The first step is to glue the keel and the cross pieces together. Ensuring the bottom of the pieces are straight and aligned. Even though the pieces are computer cut and small adjustments can be made without difficulty, care is needed, as a twist in the internal frame will be carried throughout the finished board. More pics as I progress.

Have now laminated all the bottom planks together. The first centre planks were done with clamps and timber cross pieces that stop the planks springing up.But the last two side pieces were done separately. For those trying it this way they will save the expense of clamps and it was help in place with good old masking tape. The technique is to tape the join lengthways on the side you want to be the outside of the deck. This will then fold down when moved over the edge of the bench, opening up the join for glueing but still keeping the plank in place. Once the glue is applied it is then taped back into place as per the photo. I think all the planks can be done this way.

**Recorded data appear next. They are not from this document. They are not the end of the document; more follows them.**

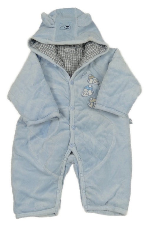 Svetlomodrá zamatová zateplená kombinéza s medvedíkmi a kapucňou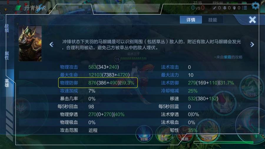 如上圖所示,一共876點物理防御總值,這個也被稱為英雄的總物抗,也就是我們通常說的護甲。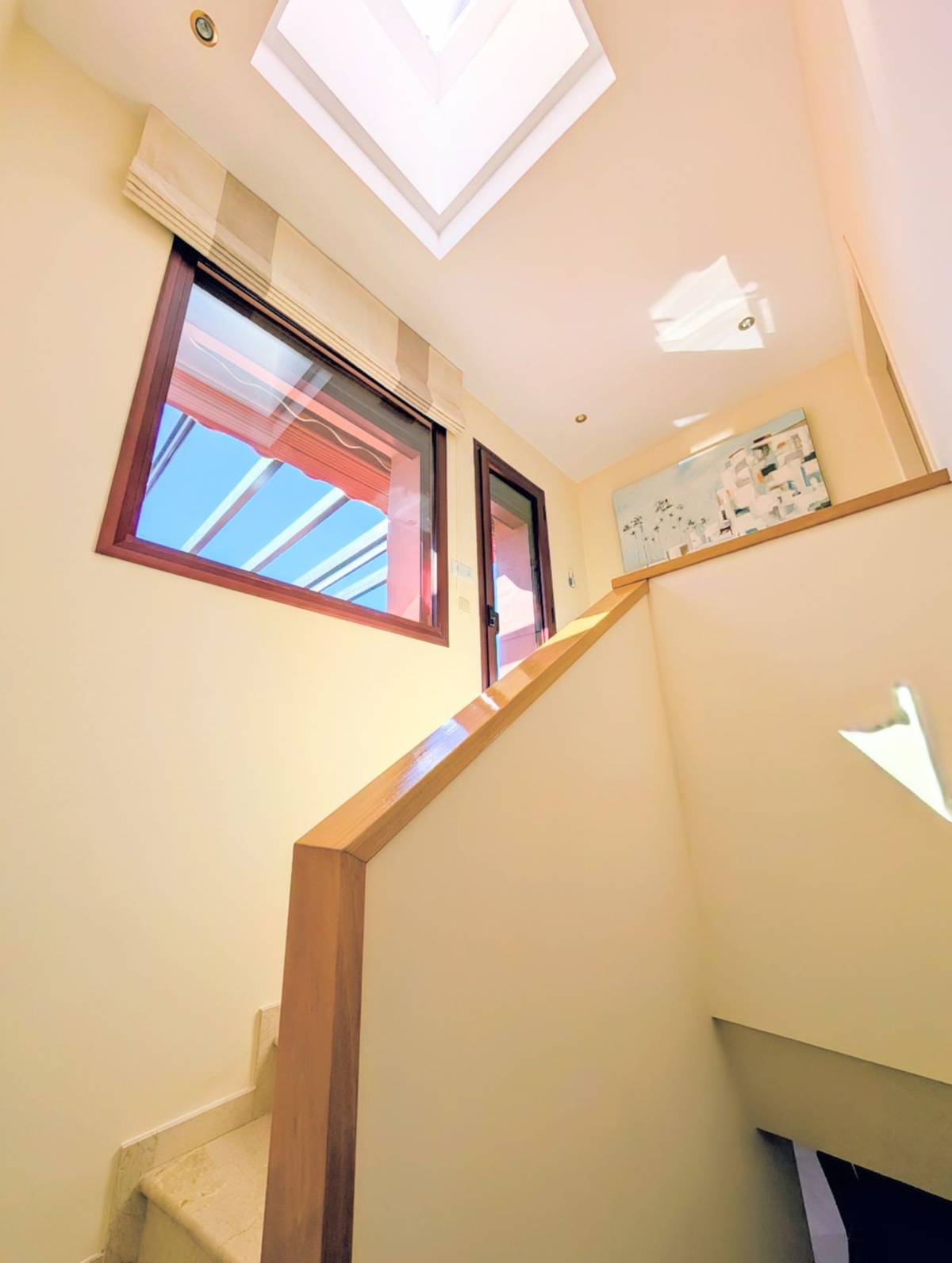 Nice staircase takes to upper level which is entirely occupied by master suite, including the bedroom, bathroom with dressing area and two large terraces, one of these private for master suite and other one has independent access from distribution hall. This amazing sunny terrace comes with sunbathing and sitting areas, BBQ & kitchenette. Absolutely stunning panoramic views and incredible sunsets can be enjoyed from this terrace.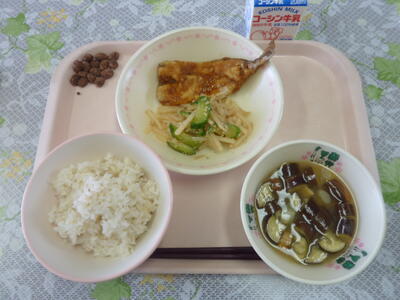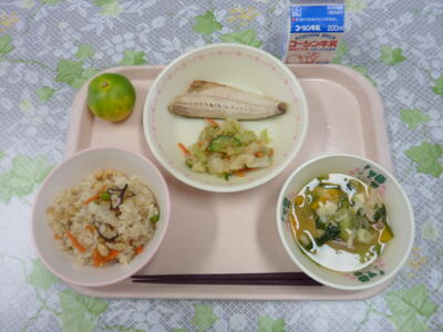 牛乳 大豆ごはん ほっけの干物 レモンじょうゆあえ かぼちゃ汁

Takes more time but gets a cleaner result. Like the old saying “Cleanliness is next to Godliness”

Had a change of plan regarding the construction technique, originally, the kit said a rocker table was needed and a bunch of clamps, quite a lot of fussing around. I thought it could be put together with a much simpler method and no need for all those clamps, just some pins and a roll of masking tape. Using new narrower planks, 4 mm thick and glued individually as the wider slab of 6 mm thick timber wouldn’t bend, but the 4 mm thick done individually worked well. So here are some pics of the bottom deck being attached then the rails have been started. Also some fancy laser cut logo inserted into the centre stringer. Still a long way to go, but coming together without the need for all the extra gear.